- By Colum Lynch
Colum Lynch is Foreign Policy's award-winning U.N.-based senior diplomatic reporter. Lynch previously wrote Foreign Policy's Turtle Bay blog, for which he was awarded the 2011 National Magazine Award for best reporting in digital media. He is also a recipient of the 2013 Elizabeth Neuffer Memorial Silver Prize for his coverage of the United Nations.
Before moving to Foreign Policy, Lynch reported on diplomacy and national security for the Washington Post for more than a decade. As the Washington Post's United Nations reporter, Lynch had been involved in the paper's diplomatic coverage of crises in Afghanistan, Iraq, Lebanon, Sudan, and Somalia, as well as the nuclear standoffs with Iran and North Korea. He also played a key part in the Post's diplomatic reporting on the Iraq war, the International Criminal Court, the spread of weapons of mass destruction, and U.S. counterterrorism strategy. Lynch's enterprise reporting has explored the underside of international diplomacy. His investigations have uncovered a U.S. spying operation in Iraq, Dick Cheney's former company's financial links to Saddam Hussein, and documented numerous sexual misconduct and corruption scandals.
Lynch has appeared frequently on the Lehrer News Hour, MSNBC, NPR radio, and the BBC. He has also moderated public discussions on foreign policy, including interviews with Susan E. Rice, the U.S. national security advisor, Gerard Araud, France's U.N. ambassador, and other senior diplomatic leaders.
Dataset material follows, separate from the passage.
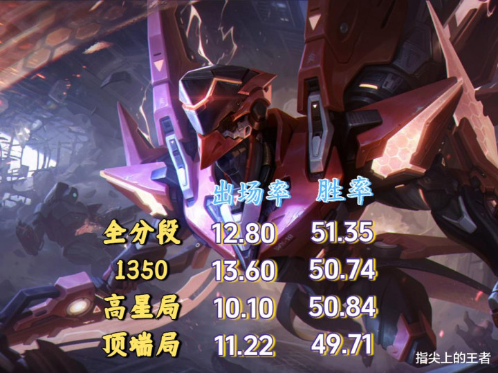 从最新的数据来看,铠还是很值得玩的,出场率各个分段都在10%以上,胜率也普遍在50%以上,所以只看数据,铠皇就已经超过了许多的英雄。
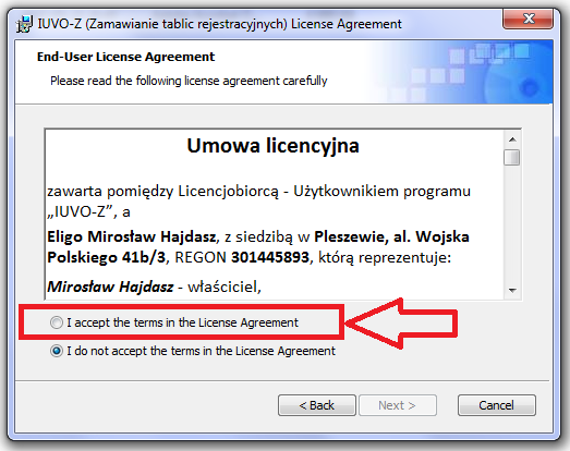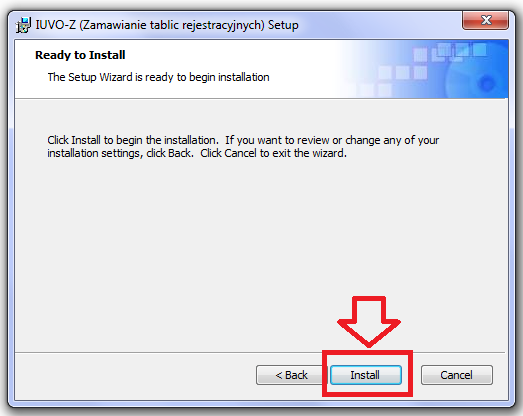 Koniec instalacji. Program do zamawiania tablic rejestracyjnych został zainstalowany!

Born in Los Angeles, California, Lynch received a bachelor's degree from the University of California, Berkeley, in 1985 and a master's degree from Columbia University's Graduate School of Journalism in 1987. He previously worked for the Boston Globe.
Let’s face it — there is a certain mystique surrounding the diplomatic cables released by WikiLeaks. You get the feeling that they give access to troves of privileged information straight from foreign dignitaries whose credibility is further bolstered by their exotic names and high-flying titles.
In reality, those movers-and-shakers sometimes have no idea what they are talking about. Take a look at this cable, marked “confidential”: it recounts a June 25, 2006 meeting at the U.S. embassy in Dar es Salaam, Tanzania between U.S. officials and Yves Horent, at the time head of the European Commission humanitarian aid office.
Entitled “Next U.N. Secretary General predicted by UNHCR and EU Aid Commissioner,” the cable describes Horent passing on the latest rumor he had picked up on the much anticipated race for U.N. Secretary General. Both Antonio Guterres, United Nations High Commissioner for refugees, and Louis Michel, European Union Commissioner for Development and Humanitarian Aid, believe that the next United Nations Secretary will be Khurshid Mehmood Kasuri, Pakistan’s Foreign Minister,” the cable noted. “Horent noted that both officials, who visited refugee camps in western Tanzani June 15, were certain of Kasuri’s selection.”
The revelation must have come as something of a surprise to the Americans. Ban Ki moon, the South Korean foreign minister who ultimately won the race, was more than four months into an active campaign for the job, canvassing leaders of the key Security Council members. In a meeting with US official in Seoul the following month, Ban “reports no major opposition at this point” to his candidacy, though he fretted that his candidacy might have problems if the US didn’t soon show support.
The U.S. seemed to be quite happy with the prospects of Ban’s appointment, though in another cable released by WikiLeaks they did detail some potential “remaining hurdles” to a successful campaign. They included a serious deterioration in South Korea’ relations with North Korean, a possible campaign by Japan to thwart his candidacy, or the prospects of an Asian dark horse emerging with the power to win he blessing of the permanent five members.
As for Kasuri, the name didn’t come up.